Biri gorse bunlarda napiyor burda o evde neyin nesi parmaklar niye bi evin ustune cikiyo bi asagi iniyorlar diye dusunup cikamaz isin icinden, cocuklarin hayal gucune hayranim sonra tuvalet rulolarindan eve kalkan oluyor hirsiz giremiyor falan evde milyon tane oyuncak varken rulolar ve parmaklarla oyalaniyoruz biz.
Buyuyemicem dimi ben yasli bir kadin oldugumda bile icimde kipirdanip duran bir kucuk kiz olacak, uzun zamandir bu cizgifilmin gelmesini bekliyorum ben fragmanlarini izlerken heyecanlaniyorum ve izlemek icin sabirsizlaniyorum gelsin artikkkk izlemek istiyorummmm.

Thursday, May 14, 2009

demek salsa yapabiliyordun

Haftalar oncesinden derdi tasasi tutulan, hummali bir calisma seklinde yuruyen, ser verilip sir verilmeyen yilsonu gosterimiz oldu nihayet 12 Mayis Sali gunu saat 4 den 21:30 a kadar okuldaydik , gosteri yaklasik 3 saat surdu, 4 ayri kostum degistirildi.

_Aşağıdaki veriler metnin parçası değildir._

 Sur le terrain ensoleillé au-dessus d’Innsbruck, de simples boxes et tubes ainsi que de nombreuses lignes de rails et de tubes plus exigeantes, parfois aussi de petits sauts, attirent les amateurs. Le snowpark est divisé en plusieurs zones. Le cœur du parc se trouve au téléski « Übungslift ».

Cocuklarin performansina hayran kaldim ozellikle oglusum gozlerimi yasartti, dans edisini, siir okumasini, sarki soylemesini gordumya olsemde gam yemem artik. Agir abi havasinda takildigi icin surekli okulda ogrendikleri siir yada sarkilari okuma taraftari degil, cani isterse soyler, cani isterse bahseder okulda yaptiklarindan bende ustune gidemiyorum bu sefer hic anlatmiyacak diye. Meraktan catlamak uzereydim cunku dedigim gibi haftalar oncesinden basladi sancilari, eve pestil seklinde geliyordu son zamanlarda oglen uykusu uyumayip haril haril calisiyorlardi vs.

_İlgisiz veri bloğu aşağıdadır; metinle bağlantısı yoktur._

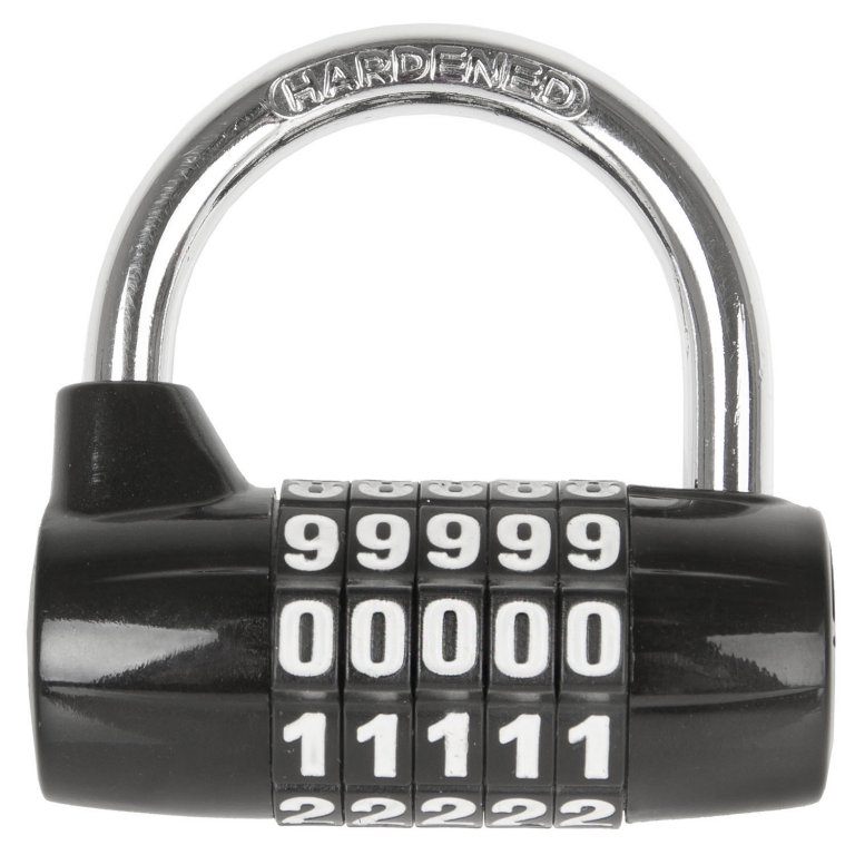 Zámek s pětimístným kódem Síla zámku: 7 mm Kód je měnitelný Materiál: kalená ocel + tvrzený plast Vnitřní rozměr zámku: 40 x 30 mm Barva: černo-stříbrná Balení: karta M-Wave

Hepsinin sahneye cikmasi ile basladi gosteri, siirler okuyup sarkilar soylediler birkac tane arka arkaya, sonra kizlarin ayrica siir okumasi erkeklerin asker kiyafetleri ile gosterileri, arada tek basina sahneye cikip siir okuduklari bolumler, Canakkalede ki askerleri anlatan minik bir oyun, mini salsa dansi ki oglusumu salsa yaparken gormek hem sasirtici hem keyif vericiydi, evde ben oynarken bile kizip --otur artik-- diye firca atan oglusum dans ediyordu orda tamda karsimda hemde yuzu asik degil aksine gulerek hayatimin en keyif verici anlarindan biriydi benim icin.

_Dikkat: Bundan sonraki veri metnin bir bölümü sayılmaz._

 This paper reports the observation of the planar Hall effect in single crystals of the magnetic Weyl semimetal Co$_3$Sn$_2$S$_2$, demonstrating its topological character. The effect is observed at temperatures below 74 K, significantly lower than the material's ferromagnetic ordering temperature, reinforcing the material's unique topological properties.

Sonrasinda bir dugun olayi canlandirmasi vardi ki, erkekler damat trasi yaparken kizlar kina gecesi yaptilar, yakisikli arkadasimiz Kagan damat oldu :) Sonra karsilikli gecip folklor oynadilar, en sonunda anneler gunu icin siirler okundu sarkilar soylendi ve annelere cicekler verildi, bi yandan fotograf cekerken bir yandan bana ruya gibi gelen goruntuleri, gozlerimle yakalamaya calisirken kendimden gecmisim, ertesi gun bile belim ve ayaklarim agriyordu. 3 saat ayakta kalinca yorgunluktan tursum cikti, dun sabah oglusumu yataktan zorla kaldirdik --birakin beni uyucam-- deyip durdu.
Cook guzel bir gosteriydi benim icin cocuklarin hepsi superdi.

Saturday, May 09, 2009

mimlenmisim bi dakika


Sevgili arkadasim Murat nam-i diger Carsafci beni mimlemis yiller once gecenlerde okurken kesfettim gerci o da unutmus mim isini sonradan eklemis altina tek balik hafiza ben degilim su dunyada ne guzel birsey :)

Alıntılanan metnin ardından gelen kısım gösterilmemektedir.